もっとも、書くべき記事のフォーマットが取材相手の一人語り形式だったり、一問一等形式だったりする場合は、相手の言葉以外の周辺情報を盛り込む余地は限られるから、「お話はオンラインで」というのも不可能ではない。でも、書き手の一人称で書く通常の記事は、画面越しのインタビューだけでは絶対に無理だ。

ライターにもいろいろな種類があって、基本ネット上の情報収集のみで書くwebライティングというカテゴリもあるらしい(定義が間違ってたらすみません)。でも、わたしは人の話を聞いて文章をつくる仕事がメイン。だから、あの新型コロナパンデミックのときは人と会えなくなって、ただでさえ少ない仕事がますます減るかと思った。もちろん昔から電話取材というのはあったが、それは手短に事実関係の確認をする場合などに限られ、じっくりと話を聞くには「相手の顔を見ながら」というのが、発注側にとっても受注側にとっても当然であり常識であると、信じていたからだ。

無論、フリーランスというのはコロナの前から一人リモートワークみたいなものなので、会議や打合せがオンラインで済むのはわかっている。でもインタビューはただの情報のやり取りじゃない。ちょっと(かなり)カッコよく言えば人間対人間の真剣勝負。ネットでできるわけない、とわたしは思っていた。

でも、コロナ禍は長引き、クライアント側もそんなことを言っていたら仕事が回らないということで、否応なくzoomなどを使ったオンライン取材が始まった。画面越しの「勝負」には当然、最初は抵抗というか違和感もあった。が、こちらも背に腹は代えられない。やっているうちになんとか慣れていった。

そして、実際のところ、求められるアウトプットの形式・内容次第ではオンラインで十分事足りる場合もあるとわかってきた。

わたしの場合、この経験のおかげで却って仕事の幅は増えたように思う。他の要因も相俟って、コロナの前後で比べると、自分の住んでいる場所(今は福島県)に紐づく案件と、どこに住んでいてもできる案件の比率が逆転した。
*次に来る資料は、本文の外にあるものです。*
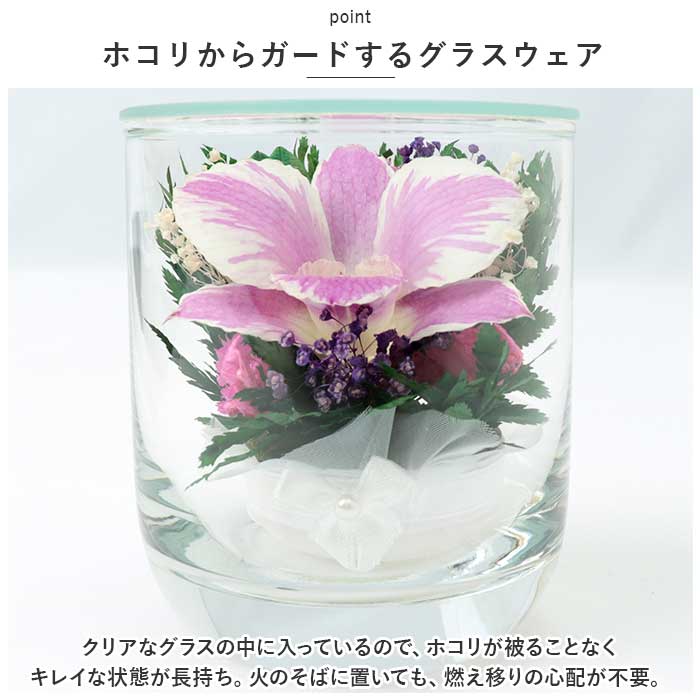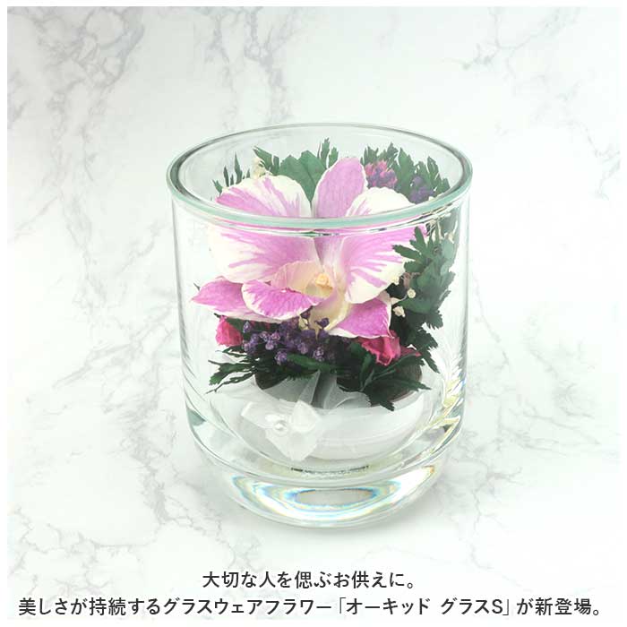 ドライフラワー ガラスケース 通販 オーキッド グラスS お供え 花 造花 仏花 仏壇用 アレンジメントフラワー お供え花アレンジメント 法要 49日 お彼岸 命日 お悔やみ 贈り物 喪中 見舞い おしゃれ かわいい 置物 ギフト インテリア 雑貨

もっともこれはインタビューを伴わない編集系の仕事も含めての話だけれど、取材案件に限っても、最近オンラインで話を聞いた相手の所在地は東京、埼玉、熊本、宮城など。まったく便利な世の中になったものだ(コロナ以前からこれが当たり前だったライターさんには笑われそう😅)。

でも・・・。

やっぱり、わたしは対面で話を聞くのが好きだ。

いや、オンラインで十分な場合もあるとわかった今、どんな取材も対面でやりたい、という意味ではなくて。

現地に行って五感で取材しなければ絶対に書けないような文章を書きたい。生身の人間同士で勝負しなければ書けないような原稿を書きたい。

だから、いろんな意味で、がんばれ、自分。

二本松市東北(とうきた)地区の赤ソバ畑。
トップの写真も同じ場所だが空の様子でだいぶ見え方が違う。